The Last Roll of Kodachrome

Remember when taking pictures signaled an occasion?

I read last month that the last roll of Kodachrome film that Kodak produced was processed in Kansas for photographer Steve McCurry. Kodak chose McCurry to shoot the last roll. It was a 36-exposure roll, and the photographer took two months to use it up. For you “youngins” out there, Kodachrome is the old type of film that we old folk used to capture photographs. The stuff you fed into the back of the camera with great care not to expose the film or to waste any exposures. Snap the back closed and ready to go.

I was wistfully nostalgic at the news. That rectangular yellow box represented a completely different approach to processing memories than we have today. Before digital cameras, a box of Kodak film always signaled an occasion, an event, an artistic endeavor. It meant there was something momentous in your future: a vacation, a new baby, a spectacular sight upcoming.

Picture-taking was done with great care and preparation. It was expensive. You had to purchase the film and pay to have all of it processed, bad pictures with the good ones. There were no do-overs. It was time-consuming but suspenseful. After you plopped that canister into the envelope at the local pharmacy (if you don’t remember Kodak film, you probably don’t remember the local pharmacy either), you waited days, sometimes weeks, hoping that you captured the perfect shot of your new niece, or the sun setting at the beach, or the attractions and highlights of your well-earned annual vacation.[SIGNUP]

Picture-taking was complicated. Cameras had to be adjusted — focus, light exposure, shutter speed, flash or no flash. For those of us who are not technically inclined, the introduction of the automatic camera was a beautiful thing; you might not get the right shot but at least the wrong shot was in focus and properly lit.

I remember standing at the counter weighing the cost of the film and processing against the likelihood that I would actually take 36 pictures of my sixth-grade class trip to the zoo. If I didn’t use up all the film I would be faced with the agonizing decision to leave the film in the camera and patiently wait for the next event to use it up or, more likely, succumb to the irresistible need to see the photos of zebras and my girlfriends posing in front of the giant gorillas. The second choice was wasteful, and so great care was taken to buy the right number of exposures in the first place.

Ridiculous, right? Now you can click away, delete the undesirables, insert the memory card into your home printer, and the zoo is in your hands — all in the same day. I seem to get stuck, however, at the computer stage of the process. All those digital images, hundreds of them, are permanently in cyber-purgatory safely stored within the memory of my PC. I can almost hear them crying “Let me out!” But there are just so many, the task seems daunting.
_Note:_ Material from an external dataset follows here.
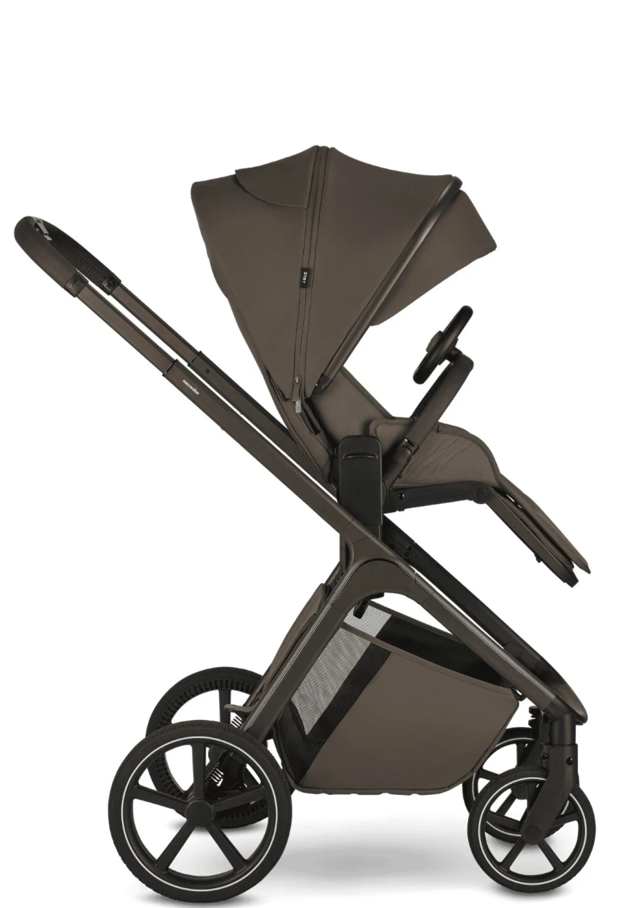 Mehr als nur ein Kinderwagen: Zoey begleitet dich und dein Kind zuverlässig durch alle Abenteuer. Die im Lieferumfang enthaltene Babywanne bietet deinem Neugeborenen einen gemütlichen und sicheren Rückzugsort voller Geborgenheit und Sicherheit. Robuste, hochwertige Räder garantieren eine angenehme Fahrt, ob in der Stadt oder auf holprigen Wegen. Zoeys besondere Stärke ist die hohe Flexibilität: Sitz und Babywanne lassen sich dank integrierter Höhenadapter leicht auf drei Positionen einstellen – ideal für Nähe zu deinem Baby, rückenschonendes Handling und perfekte Sicht für dein Kind. Mit einem Handgriff kannst du die Sitzrichtung nach Belieben ändern: Blickkontakt zu dir oder freie Sicht nach vorn, ganz nach den Bedürfnissen deines Kindes. Das magnetische 5-Punkt-Gurtsystem und ergonomische Schulterpolster sorgen für höchsten Komfort und maximale Sicherheit.

Instead, I go searching for a particular shot when I’d like to see it or send it off to someone else.

I suppose that’s the upside to digital photography. No clutter of photo albums taking up shelf space. No sifting through all the “bad” shots and lamenting the quality of the keepers. No more hours of pasting and inserting and labeling because, despite what you think, you will not remember what beach you were standing on and for what occasion and why you’re wearing that silly hat and, who is that kid on the left anyway? Really, who is that kid?